= To do =
Shown below are entries with pictures; the line with "次に、再販マンションの増加率" through the line with "活动分两场先后举行。上半场活" is the span to retype exactly, and the pictures stay out.

= Data extract =

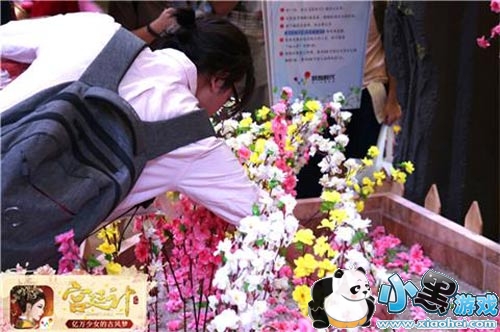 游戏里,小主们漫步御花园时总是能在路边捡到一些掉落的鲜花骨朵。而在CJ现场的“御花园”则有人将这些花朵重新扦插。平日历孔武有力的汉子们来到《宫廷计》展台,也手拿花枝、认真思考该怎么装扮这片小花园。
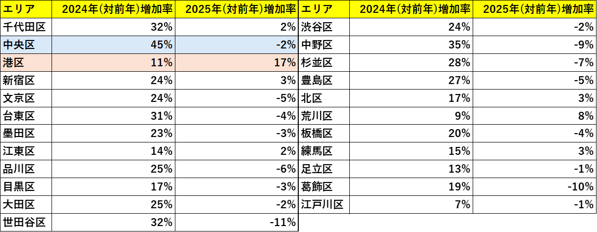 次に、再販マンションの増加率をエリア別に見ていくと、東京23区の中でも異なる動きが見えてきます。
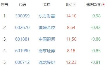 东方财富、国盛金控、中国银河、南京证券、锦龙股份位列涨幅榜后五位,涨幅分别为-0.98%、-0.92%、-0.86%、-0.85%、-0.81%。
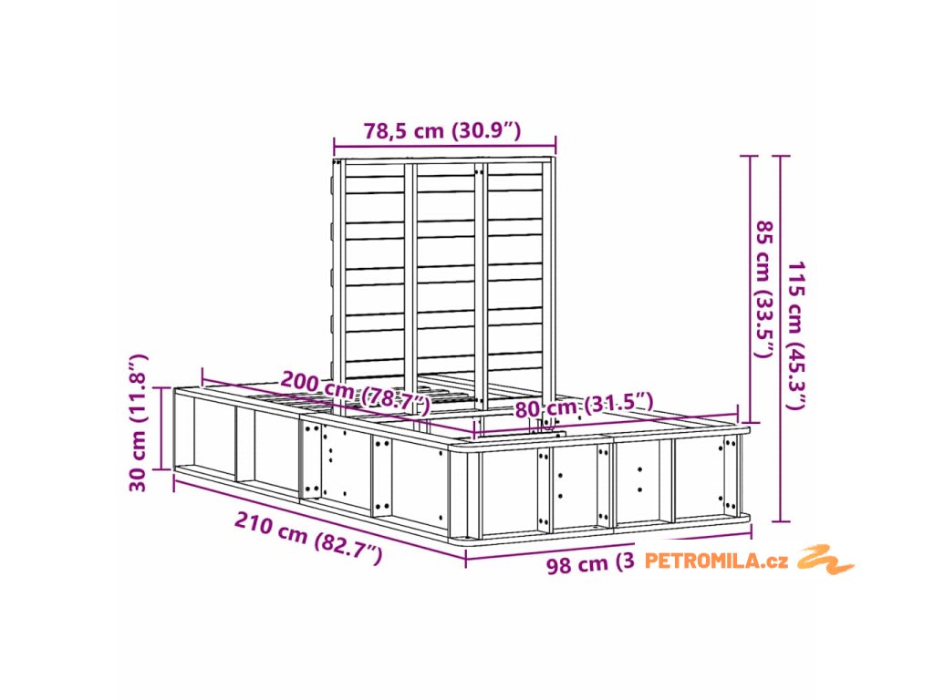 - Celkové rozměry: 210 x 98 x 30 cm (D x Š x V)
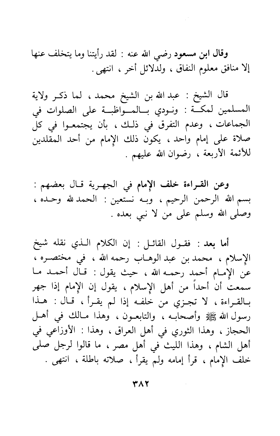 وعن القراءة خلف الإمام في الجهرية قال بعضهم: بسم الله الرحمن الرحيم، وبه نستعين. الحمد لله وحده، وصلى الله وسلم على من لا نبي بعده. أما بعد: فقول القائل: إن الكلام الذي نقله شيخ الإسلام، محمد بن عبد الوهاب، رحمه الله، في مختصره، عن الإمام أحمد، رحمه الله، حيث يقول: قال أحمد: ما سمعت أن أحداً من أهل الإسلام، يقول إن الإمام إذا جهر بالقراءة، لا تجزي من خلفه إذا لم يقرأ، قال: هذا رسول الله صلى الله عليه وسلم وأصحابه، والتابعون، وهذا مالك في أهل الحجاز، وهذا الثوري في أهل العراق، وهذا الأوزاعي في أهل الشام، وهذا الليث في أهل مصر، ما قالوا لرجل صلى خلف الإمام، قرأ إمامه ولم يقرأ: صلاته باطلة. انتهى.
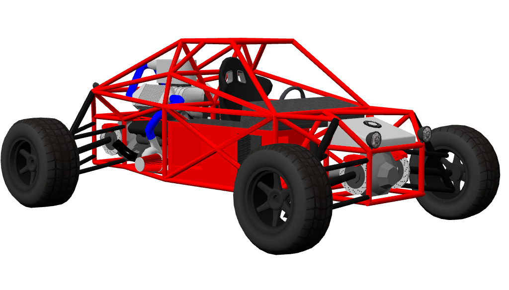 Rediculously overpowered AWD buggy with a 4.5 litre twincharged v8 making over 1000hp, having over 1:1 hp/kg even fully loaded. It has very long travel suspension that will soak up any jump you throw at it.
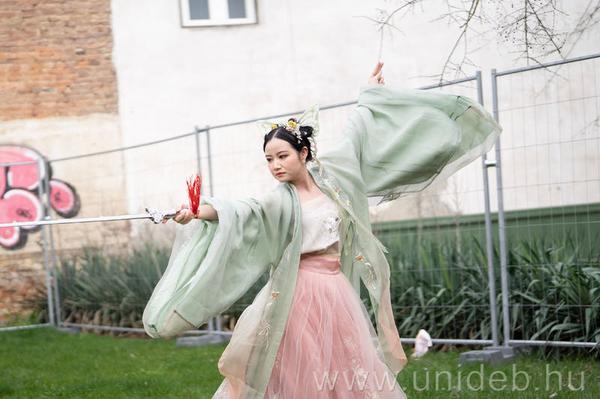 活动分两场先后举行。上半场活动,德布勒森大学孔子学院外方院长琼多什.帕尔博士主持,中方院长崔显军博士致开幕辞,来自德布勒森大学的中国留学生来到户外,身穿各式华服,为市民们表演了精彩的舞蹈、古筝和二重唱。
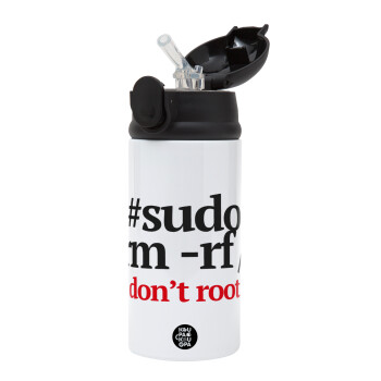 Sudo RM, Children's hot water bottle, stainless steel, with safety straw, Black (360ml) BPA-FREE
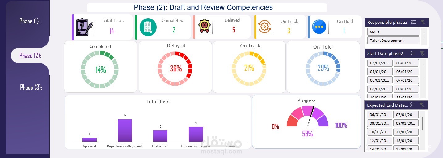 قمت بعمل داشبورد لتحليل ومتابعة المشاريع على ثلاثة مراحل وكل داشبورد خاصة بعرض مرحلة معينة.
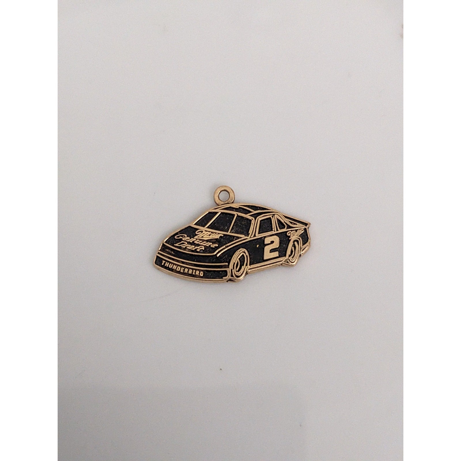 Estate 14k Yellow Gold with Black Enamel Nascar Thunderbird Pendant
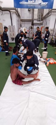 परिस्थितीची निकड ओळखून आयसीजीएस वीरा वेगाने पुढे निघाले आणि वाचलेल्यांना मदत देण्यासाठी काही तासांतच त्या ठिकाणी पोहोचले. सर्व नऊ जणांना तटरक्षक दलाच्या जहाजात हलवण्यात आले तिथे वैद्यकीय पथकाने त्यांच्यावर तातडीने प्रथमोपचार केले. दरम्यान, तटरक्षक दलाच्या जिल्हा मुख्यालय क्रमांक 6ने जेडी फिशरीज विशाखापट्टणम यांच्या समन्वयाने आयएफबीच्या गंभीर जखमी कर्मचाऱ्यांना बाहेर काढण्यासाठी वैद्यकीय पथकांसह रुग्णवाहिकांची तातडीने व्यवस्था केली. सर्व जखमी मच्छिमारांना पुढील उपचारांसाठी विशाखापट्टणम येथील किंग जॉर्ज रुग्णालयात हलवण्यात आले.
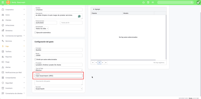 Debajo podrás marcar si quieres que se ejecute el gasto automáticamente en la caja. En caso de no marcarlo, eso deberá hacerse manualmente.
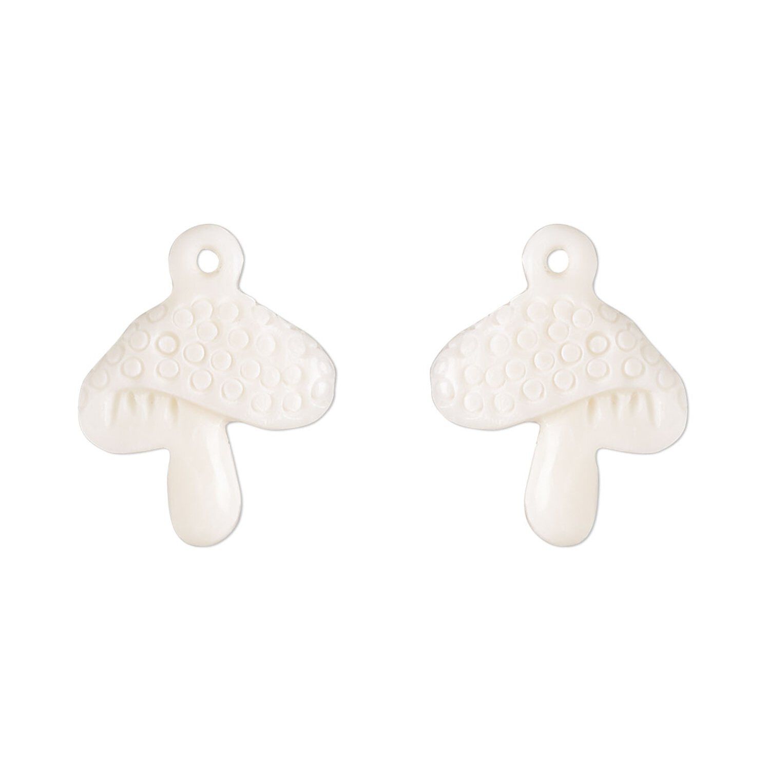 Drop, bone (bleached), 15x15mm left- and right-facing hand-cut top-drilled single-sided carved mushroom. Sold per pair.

---

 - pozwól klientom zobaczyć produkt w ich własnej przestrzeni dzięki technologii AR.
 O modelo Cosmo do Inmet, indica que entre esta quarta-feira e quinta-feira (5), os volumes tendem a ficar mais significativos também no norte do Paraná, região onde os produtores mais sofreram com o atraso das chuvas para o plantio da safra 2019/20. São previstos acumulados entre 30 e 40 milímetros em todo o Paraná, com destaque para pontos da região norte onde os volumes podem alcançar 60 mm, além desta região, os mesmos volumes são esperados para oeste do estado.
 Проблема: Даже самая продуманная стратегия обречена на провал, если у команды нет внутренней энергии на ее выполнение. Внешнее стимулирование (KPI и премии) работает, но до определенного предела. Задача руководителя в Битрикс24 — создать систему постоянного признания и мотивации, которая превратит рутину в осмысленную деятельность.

...

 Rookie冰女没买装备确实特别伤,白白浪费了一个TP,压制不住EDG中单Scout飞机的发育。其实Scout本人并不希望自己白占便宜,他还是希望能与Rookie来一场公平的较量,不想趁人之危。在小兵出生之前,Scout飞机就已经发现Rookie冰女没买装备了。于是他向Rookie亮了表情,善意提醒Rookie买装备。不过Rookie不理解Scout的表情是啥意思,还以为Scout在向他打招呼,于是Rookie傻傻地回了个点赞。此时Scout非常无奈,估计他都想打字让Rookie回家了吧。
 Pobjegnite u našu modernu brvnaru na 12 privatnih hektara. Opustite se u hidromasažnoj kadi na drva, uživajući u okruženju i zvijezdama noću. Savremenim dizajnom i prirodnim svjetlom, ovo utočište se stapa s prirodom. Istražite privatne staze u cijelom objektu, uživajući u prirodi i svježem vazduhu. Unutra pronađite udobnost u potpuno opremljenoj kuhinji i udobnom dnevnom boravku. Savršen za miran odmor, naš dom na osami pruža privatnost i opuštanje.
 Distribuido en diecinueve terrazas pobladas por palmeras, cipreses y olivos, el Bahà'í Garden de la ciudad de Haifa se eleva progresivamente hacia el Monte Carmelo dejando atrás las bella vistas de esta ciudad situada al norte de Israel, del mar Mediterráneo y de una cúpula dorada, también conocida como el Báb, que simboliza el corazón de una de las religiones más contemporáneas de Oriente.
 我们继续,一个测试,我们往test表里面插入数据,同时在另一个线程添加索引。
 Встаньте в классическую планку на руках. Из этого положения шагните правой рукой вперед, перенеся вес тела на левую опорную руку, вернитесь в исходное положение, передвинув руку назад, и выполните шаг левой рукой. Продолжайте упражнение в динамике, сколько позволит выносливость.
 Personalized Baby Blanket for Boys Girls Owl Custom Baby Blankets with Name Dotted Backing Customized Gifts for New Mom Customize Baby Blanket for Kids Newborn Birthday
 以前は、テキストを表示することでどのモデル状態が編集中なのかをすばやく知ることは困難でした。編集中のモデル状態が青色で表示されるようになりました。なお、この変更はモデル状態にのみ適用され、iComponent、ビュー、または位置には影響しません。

= Answer space =
 次に、再販マンションの増加率をエリア別に見ていくと、東京23区の中でも異なる動きが見えてきます。
 东方财富、国盛金控、中国银河、南京证券、锦龙股份位列涨幅榜后五位,涨幅分别为-0.98%、-0.92%、-0.86%、-0.85%、-0.81%。
 - Celkové rozměry: 210 x 98 x 30 cm (D x Š x V)
 وعن القراءة خلف الإمام في الجهرية قال بعضهم: بسم الله الرحمن الرحيم، وبه نستعين. الحمد لله وحده، وصلى الله وسلم على من لا نبي بعده. أما بعد: فقول القائل: إن الكلام الذي نقله شيخ الإسلام، محمد بن عبد الوهاب، رحمه الله، في مختصره، عن الإمام أحمد، رحمه الله، حيث يقول: قال أحمد: ما سمعت أن أحداً من أهل الإسلام، يقول إن الإمام إذا جهر بالقراءة، لا تجزي من خلفه إذا لم يقرأ، قال: هذا رسول الله صلى الله عليه وسلم وأصحابه، والتابعون، وهذا مالك في أهل الحجاز، وهذا الثوري في أهل العراق، وهذا الأوزاعي في أهل الشام، وهذا الليث في أهل مصر، ما قالوا لرجل صلى خلف الإمام، قرأ إمامه ولم يقرأ: صلاته باطلة. انتهى.
 Rediculously overpowered AWD buggy with a 4.5 litre twincharged v8 making over 1000hp, having over 1:1 hp/kg even fully loaded. It has very long travel suspension that will soak up any jump you throw at it.
 活动分两场先后举行。上半场活动,德布勒森大学孔子学院外方院长琼多什.帕尔博士主持,中方院长崔显军博士致开幕辞,来自德布勒森大学的中国留学生来到户外,身穿各式华服,为市民们表演了精彩的舞蹈、古筝和二重唱。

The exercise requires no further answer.